## TASK DETAILS
Every record below must be written out exactly. Leave out the pictures.

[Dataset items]

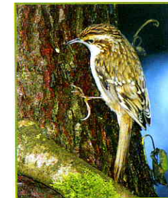
Tree Creeper Resident. All year. Where trees are growing. Feeds on grubs by climbing trees.
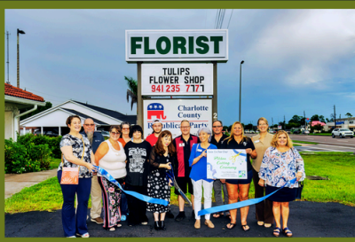
Tulips Flower Shop - Ribbon Cutting Charlotte County Chamber of Commerce September 4, 2024
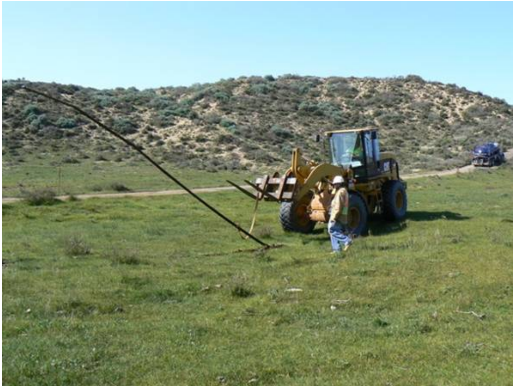
M12 Pipeline removal.

RTS continues to haul diluent-contaminated material from the TB8 Stockpile or TB9 stockpile sites to the Santa Maria Landfill. RTS currently has eighteen trucks hauling material to the landfill. For the week ending March 12, 2010, RTS hauled a total of 190 trips (approximately 4,255 tons of material). RTS has hauled a total of 38,954 loads of contaminated material to the landfill, which is approximately 890,236 tons of material. RTS trucks continue to remain off of Betteravia Road between 4:30 and 5:30 pm as detailed in the SLO County Conditions. The first trucks do not leave the Field until after 8:00 am each morning and the last loads arrive at the Landfill at approximately 3:45 (the landfill closes at 4 pm). Recon begins work at 7:00 am. Each truck is loaded with approximately 24 tons or 16 to 18 cubic yards of material.
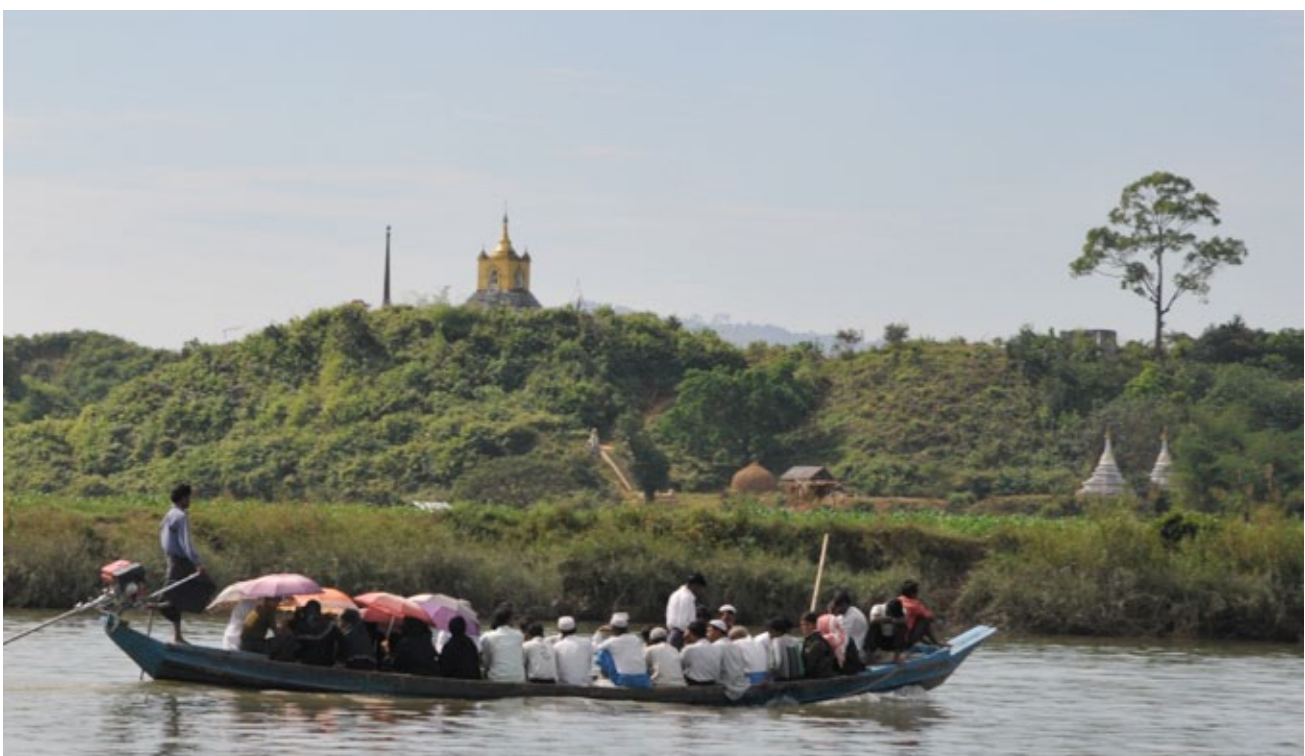
Muslims passing a Buddhist pagoda on the Buthidaung River

All these developments had resonance in north Arakan. Here the political situation was much more critical on the ground. Inter-communal relations remained tense from the Second World War, and confusion reigned as conflict swept through the borderlands after the British departure. Muslim representatives had many reasons for concern. As fighting continued, various accusations began to circulate. These included the allegation that
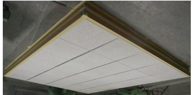
Test specimen installed for testing (image inverted to depict ceiling installation)

## EXPECTED OUTPUT
Tree Creeper Resident. All year. Where trees are growing. Feeds on grubs by climbing trees.
Tulips Flower Shop - Ribbon Cutting Charlotte County Chamber of Commerce September 4, 2024
M12 Pipeline removal.

RTS continues to haul diluent-contaminated material from the TB8 Stockpile or TB9 stockpile sites to the Santa Maria Landfill. RTS currently has eighteen trucks hauling material to the landfill. For the week ending March 12, 2010, RTS hauled a total of 190 trips (approximately 4,255 tons of material). RTS has hauled a total of 38,954 loads of contaminated material to the landfill, which is approximately 890,236 tons of material. RTS trucks continue to remain off of Betteravia Road between 4:30 and 5:30 pm as detailed in the SLO County Conditions. The first trucks do not leave the Field until after 8:00 am each morning and the last loads arrive at the Landfill at approximately 3:45 (the landfill closes at 4 pm). Recon begins work at 7:00 am. Each truck is loaded with approximately 24 tons or 16 to 18 cubic yards of material.
Muslims passing a Buddhist pagoda on the Buthidaung River

All these developments had resonance in north Arakan. Here the political situation was much more critical on the ground. Inter-communal relations remained tense from the Second World War, and confusion reigned as conflict swept through the borderlands after the British departure. Muslim representatives had many reasons for concern. As fighting continued, various accusations began to circulate. These included the allegation that
Test specimen installed for testing (image inverted to depict ceiling installation)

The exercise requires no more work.